== Segment start ==

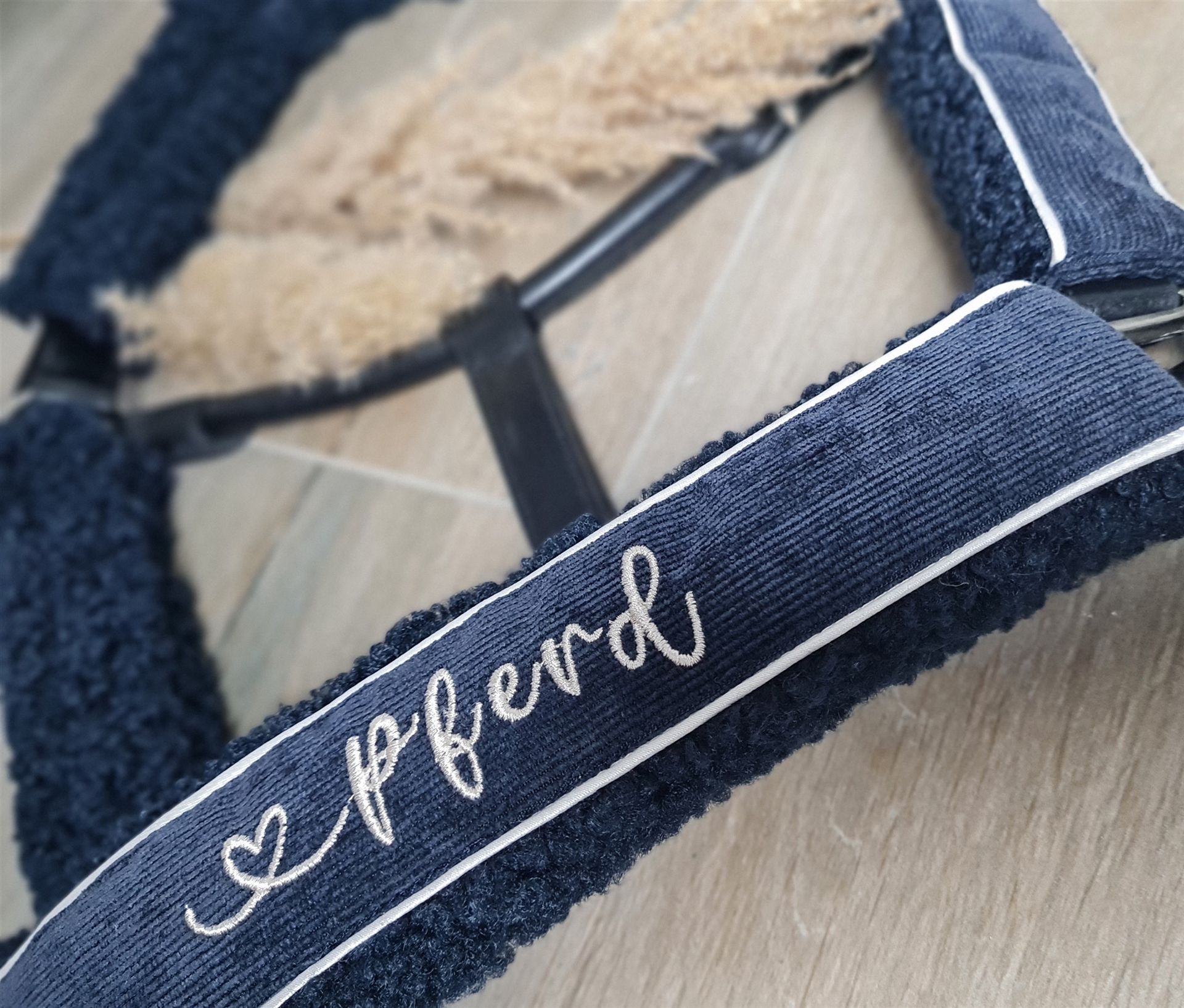 Dieses wunderschöne Set ist ein absoluter Hingucker und macht jedes langweilige Halfter zu einem Blickfang. Das 4er Set besteht aus einem Genickschoner, zwei Backenschonern und einem Nasenschoner. Der Cord befindet sich an allen 4 Schonern und der Nasenschoner kann mit deinem Wunschnamen bestickt werde.
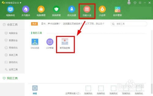 若是还有故障的话,那么打开360安全卫士,找到“功能年夜全——断网急救箱”
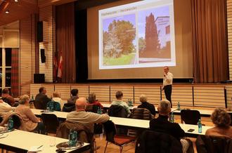 Nun war Wolf an der Reihe, der in etwas mehr als einer Stunde das anwesende Publikum mit vielen interessanten Informationen versorgte, die gerade zu Beginn ein wenig hoffnungsvolles Bild von den jetzt schon spür- und sichtbaren Folgen des Klimawandels zeichneten. Zunehmende Hitze und Dürre seien für Bäume und Pflanzen erhebliche Stressfaktoren, Schäden durch daraus resultierende Austrocknung oder Sonnenbrand führten oftmals zum Absterben der Bäume und Sträucher. Doch der Experte verkündete nicht nur Hiobsbotschaften, sondern lieferte auch zahlreiche Beispiele, welche Bäume und Hecken Hitze und Dürre gut aushalten und als Alternative zu heimischen Gewächsen genutzt werden könnten. Dazu gehören beispielsweise der Amberbaum „Liquidambar Styracifula“, bei dem keine Gefahr von Rindenbrand bei großer Hitze besteht, der „Sieben-Söhne-des-Himmels“-Baum oder der persische Eisenholzbaum „Parrotina Persica“. Eine speziell auf Kelsterbach zugeschnittene Empfehlungsliste ist auf der Homepage der Klimainsel zu finden unter www.klimainsel-kelsterbach.de im Unterpunkt „Kelsterbach fördert Grün“.
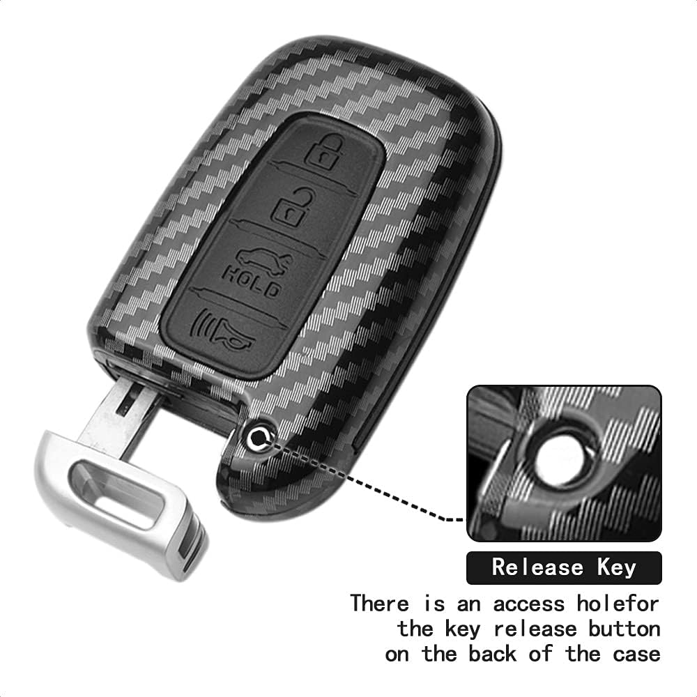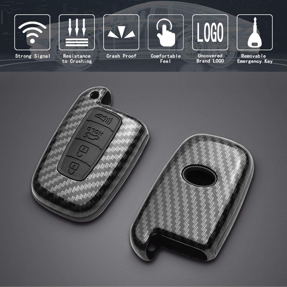 TANGSEN Key Fob Case Black Cover Compatible with Hyundai Azera Elantra GT EQUUS Genesis Coupe Santa FE Sonata Tucson Veloster for KIA Borrego Forte Sorento Soul SPORTAGE 4 Button Keyless Entry Remote
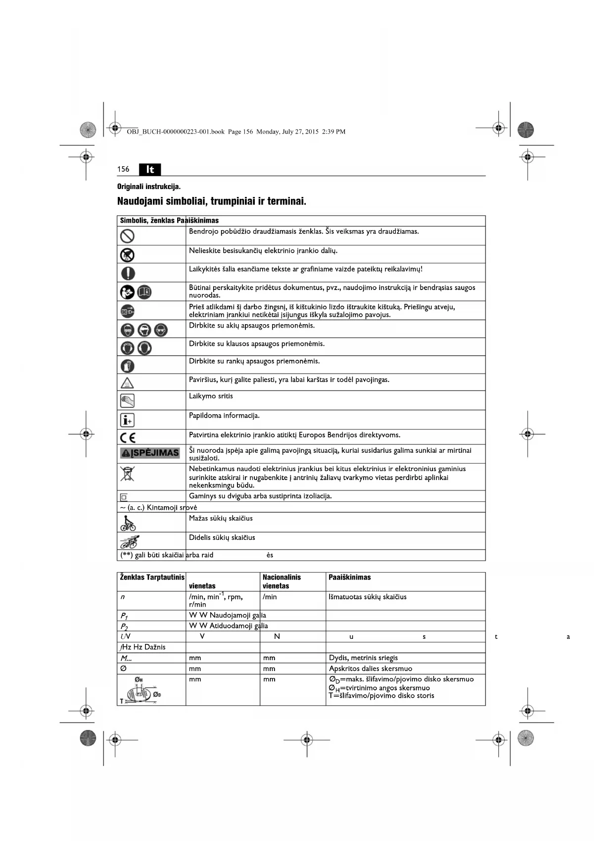 Originali instrukcija. Naudojami simboliai, trumpiniai ir terminai. Simbolis, ženklas Paaiškinimas Bendrojo pobūdžio draudžiamasis ženklas. Šis veiksmas yra draudžiamas. Nelieskite besisukančių elektrinio įrankio dalių. Laikykitės šalia esančiame tekste ar grafiniame vaizde pateiktų reikalavimų! Būtinai perskaitykite pridėtus dokumentus, pvz., naudojimo instrukciją ir bendrąsias saugos nuorodas. Prieš atlikdami šį darbo žingsnį, iš kištukinio lizdo ištraukite kištuką. Priešingu atveju, elektriniam įrankiui netikėtai įsijungus iškyla sužalojimo pavojus. Dirbkite su akių apsaugos priemonėmis. Dirbkite su klausos apsaugos priemonėmis. Dirbkite su rankų apsaugos priemonėmis. Paviršius, kurį galite paliesti, yra labai karštas ir todėl pavojingas. Laikymo sritis Papildoma informacija. Patvirtina elektrinio įrankio atitiktį Europos Bendrijos direktyvoms. Ši nuoroda įspėja apie galimą pavojingą situaciją, kuriai susidarius galima sunkiai ar mirtinai susižaloti. Nebetinkamus naudoti elektrinius įrankius bei kitus elektrinius ir elektroninius gaminius surinkite atskirai ir nugabenkite į antrinių žaliavų tvarkymo vietas perdirbti aplinkai nekenksmingu būdu. Gaminys su dviguba arba sustiprinta izoliacija. ~ (a. c.) Kintamoji srovė Mažas sūkių skaičius Didelis sūkių skaičius (**) gali būti skaičiai arba raid
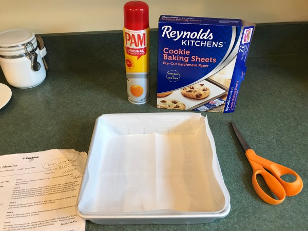 Spray or butter 9 x 9 inch baking pan with canola oil spray. Line with parchment paper (see picture below for a guide).
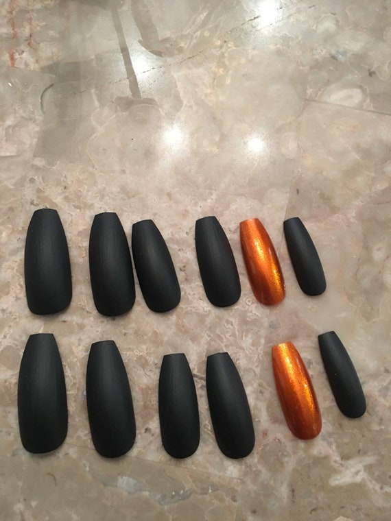 Black Matte Orange Long Coffin Ballerina False Nails Coffin Etsy
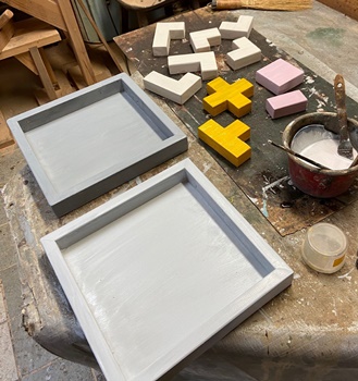 積み木パズルと幼児用のパズル、成形は終わったが、何か可愛い色を塗っておかないと仕上がりにはならず、これが案外と厄介。
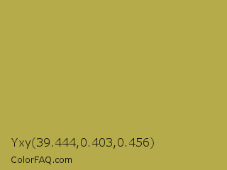 Yxy 39.444,0.403,0.456 Color is a normal yellow color and the nearest color is Brass #b5a642. Hex code #b5ab4a and RGB value is rgb(181,171,74). In RGB color space, this color is composed of 71% red, 67% green, 29% blue, In CMYK color space, this color is composed of 0% cyan, 6% magenta, 59% yellow , 29% black , In HSL color space, this color has a hue angle of 54° , 42% saturation and 50% lightness.
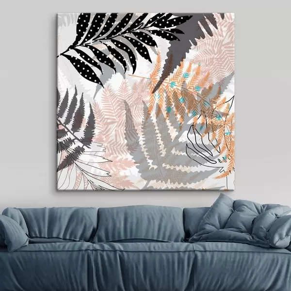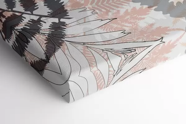 Pictură pe pânză frunze tropicale, grafic, textură, bej și negru, siluetă, contemporan, plantă Nr s45103
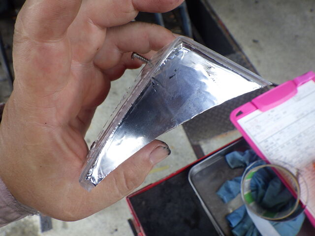 リバースランプとストップランプの間に遮光板が無かったので金属テープでふさいでおきました。
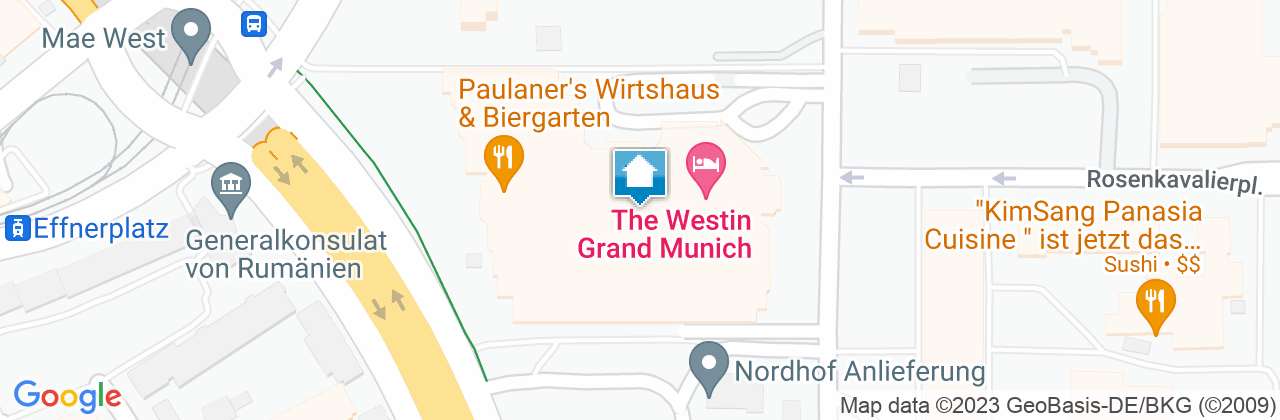 Das The Westin Grand München liegt verkehrsgünstig im Arabellapark mit bester Anbindung zu Stadt, Messe und Flughafen. Die in nur fünf Gehminuten erreichbaren öffentlichen Verkehrsmittel bringen Sie binnen 10 Minuten in die Münchner Altstadt und zum Hauptbahnhof. Im Arabellapark selbst gibt es zahlreiche Geschäfte, Boutiquen und Restaurants sowie ein Kino. Münchens berühmter Park, der Englische Garten mit seinen Biergärten und den langen Spazierwegen, kann in wenigen Minuten zu Fuß erreicht werden; sportliche Gäste können ihn auch mit dem RunCongierce des Hotels beim morgendlichen Jogging erkunden.
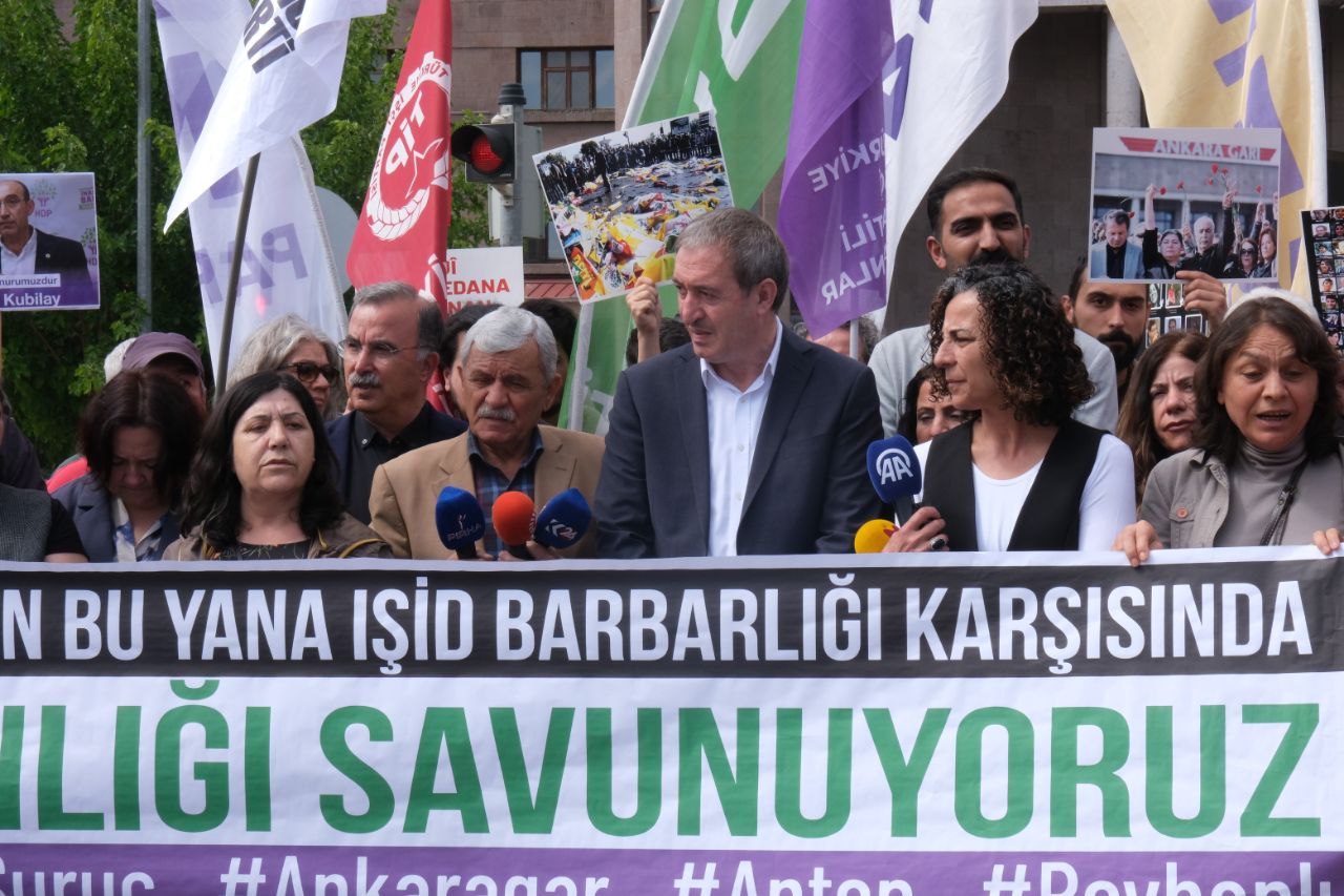 “Tam da bu meydanda çok barbarca bir katliam meydana geldi. 103 canımızı kaybettik. Onlar Orta Doğu’da başta Rojava olmak üzere, İŞİD ile mücadele için buradaydılar. Ankara’nın göbeğinde bu katliamın yapılmış olması kafalarda soru işaretleri oluşturdu. Önlem almayanlar bu suçun ortağıdır. Sadece bu katliamı yapanlar değil, göz yumanlar da yargılanacaktır.
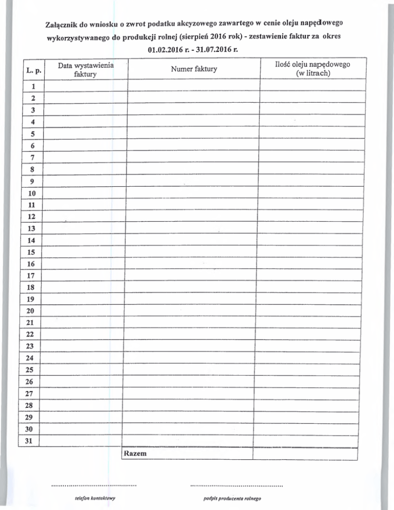 Załącznik do wniosku o zwrot podatku akcyzowego zawartego w cenie oleju napędowego wykorzystywanego do produkcji rolnej (sierpień 2016 rok) - zestawienie faktur za okres 01.02.2016 r. - 31.07.2016 r. L. p. Data w ystaw ienia faktury N um er faktury 1 2 3 4 5 6 7 8 9 10 11 12 13 14 15 16 17 18 19 20 21 22 23 24 25 26 27 28 29 30 31 lazem telefon kontaktowy podpis producenta rolnego Ilość oleju n ap ęd o w eg o (w litrach )

== Segment end ==

=== Task directions ===
Pictures excluded, copy the lines exactly from where the material starts to the line with "TANGSEN Key Fob", inclusive.

=== Output ===
 Dieses wunderschöne Set ist ein absoluter Hingucker und macht jedes langweilige Halfter zu einem Blickfang. Das 4er Set besteht aus einem Genickschoner, zwei Backenschonern und einem Nasenschoner. Der Cord befindet sich an allen 4 Schonern und der Nasenschoner kann mit deinem Wunschnamen bestickt werde.
 若是还有故障的话,那么打开360安全卫士,找到“功能年夜全——断网急救箱”
 Nun war Wolf an der Reihe, der in etwas mehr als einer Stunde das anwesende Publikum mit vielen interessanten Informationen versorgte, die gerade zu Beginn ein wenig hoffnungsvolles Bild von den jetzt schon spür- und sichtbaren Folgen des Klimawandels zeichneten. Zunehmende Hitze und Dürre seien für Bäume und Pflanzen erhebliche Stressfaktoren, Schäden durch daraus resultierende Austrocknung oder Sonnenbrand führten oftmals zum Absterben der Bäume und Sträucher. Doch der Experte verkündete nicht nur Hiobsbotschaften, sondern lieferte auch zahlreiche Beispiele, welche Bäume und Hecken Hitze und Dürre gut aushalten und als Alternative zu heimischen Gewächsen genutzt werden könnten. Dazu gehören beispielsweise der Amberbaum „Liquidambar Styracifula“, bei dem keine Gefahr von Rindenbrand bei großer Hitze besteht, der „Sieben-Söhne-des-Himmels“-Baum oder der persische Eisenholzbaum „Parrotina Persica“. Eine speziell auf Kelsterbach zugeschnittene Empfehlungsliste ist auf der Homepage der Klimainsel zu finden unter www.klimainsel-kelsterbach.de im Unterpunkt „Kelsterbach fördert Grün“.
 TANGSEN Key Fob Case Black Cover Compatible with Hyundai Azera Elantra GT EQUUS Genesis Coupe Santa FE Sonata Tucson Veloster for KIA Borrego Forte Sorento Soul SPORTAGE 4 Button Keyless Entry Remote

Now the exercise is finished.